If it is on a different server, there is slightly more set-up involved,
and you may need to manually load the PAMmisc
package for the rest to work.
You will need to set up an edinfo
object using the function erddapToEdinfo
.
This object contains all the info needed to create the server request that lets
PAMpal
sort out the downloading process for you. Here we’ll create one for
this distance to shore dataset stored on a different ERDDAP server. We need to tell it the
dataset ID and the URL of the dataserver. It will then ask which variables you
want to download, as before.
library(PAMmisc)
# dataset is the dataset ID
# baseurl is the rest of the URL, up to /erddap/
dist2shore <- erddapToEdinfo(dataset='dist2coast_1deg'
baseurl='https://pae-paha.pacioos.hawaii.edu/erddap/')
# Then use this as the "nc" argument
myStudy <- matchEnvData(myStudy, nc=dist2shore)
While PAMpal’s interactive features can be useful when doing an
exploratory analysis, or for one-off analyses, it can be a hassle
for any analysis that might get run multiple times and is not ideal for
reproducibility since the code itself leaves no clues as to what actually
happened. Getting environmental data without any interactive steps just requires
us to know the names of the variables we want. If a dataset is on the upwell
ERDDAP server, the variable name can be given to matchEnvData
as the var
argument.
# This dataset is on upwell, we'll select the sst variable by name
myStudy <- matchEnvData(myStudy, nc='jplMURSST41', var='analysed_sst')
If the dataset is on a different server, or we need to create the edinfo
object
separately for some other reason, then we can supply the variable names to
the erddapToEdinfo
function as the chooseVars
argument.
# this dataset is on a different server, we want the distance variable "dist"
dist2shore <- erddapToEdinfo(dataset='dist2coast_1deg',
baseurl='https://pae-paha.pacioos.hawaii.edu/erddap/',
chooseVars = 'dist')
myStudy <- matchEnvData(myStudy, nc=dist2shore)
If you need to re-use the same environmental dataset for multiple
analyses, you might be able to save the file and use it instead of
downloading the same dataset multiple times. Just setting the
fileName
argument will have PAMpal
save the downloaded Netcdf
file. However, there are situations where this doesn’t work. If
your dataset covers a large range of times or locations, the file
size required to download that all in a single file might be too large.
The dataservers typically have restrictions on how large of a file they can
serve, and if this happens this download will fail. Even if it doesn’t
fail, it might take quite a long time. When not saving the downloaded file,
PAMpal
can get around this issue by breaking down the request into
several smaller downloads, so if you are not able to save the Netcdf file
then this is always an option.
# Save our distance to shore data for future use
myStudy <- matchEnvData(myStudy, nc=dist2shore, fileName='Dist2Shore.nc')

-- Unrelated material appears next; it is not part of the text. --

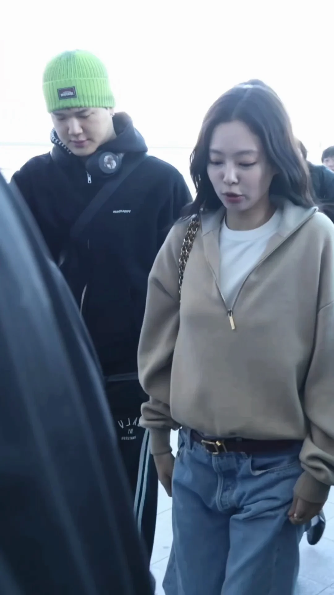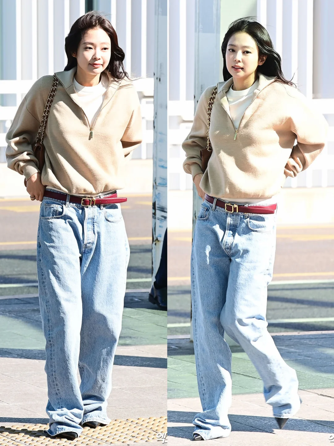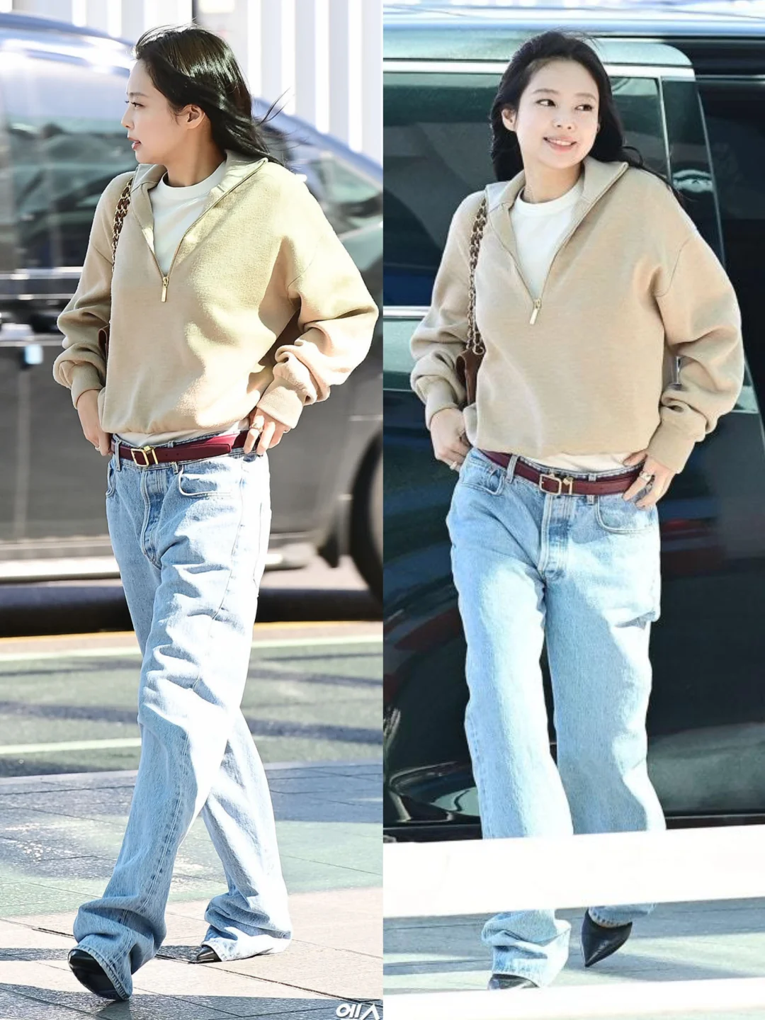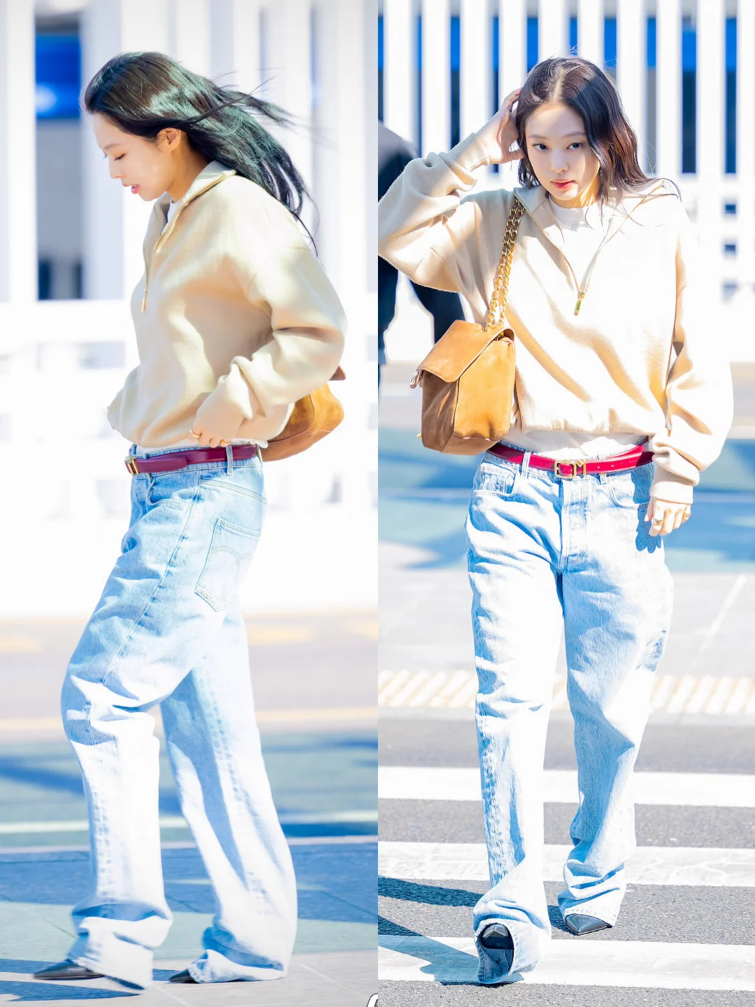 Jennie今日机场街拍穿搭,针织衫搭配牛仔裤和尖头高跟鞋,妮味满满!

If you were able to download your data as above, how can you actually use it?
Easy! Just set the nc
argument to that filename, and PAMpal
will load
in all the variables stored in that Netcdf file. Unlike when downloading,
it will not ask which variables you are interested in, it will just take
everything that is available. One potential issue here - Netcdf files do
not have universal standards for how coordinates are stored, so it is possible
that if you have a Netcdf file from somewhere else that it might not be
able to read it properly. This is typically an issue with how the date/time
information is stored - PAMpal
can currently handle most of the formats
found on ERDDAP, but if you encounter a problem here please reach out and
I will get it fixed for you!
# Use the data we stored in the step above
myStudy <- matchEnvData(myStudy, nc='Dist2Shore.nc')
Sometimes it can be useful to summarise environmental variables over a
range of values instead of just picking the closest value. To support
this, there is a buffer
argument that can be used to set a range of
values to summarise over. This is a vector of length 3 specifying how
much to expand the Longitude, Latitude, and Time values in each direction
(units of decimal degrees and seconds). For example if our point was at
32, -117:
# All values between Lat 30,34 and Long -118,-116
myStudy <- matchEnvData(myStudy, 'jplMURSST41', buffer = c(1, 2, 0))
# Average all times within one day
myStudy <- matchEnvData(myStudy, 'jplMURSST41', buffer = c(0, 0, 86400))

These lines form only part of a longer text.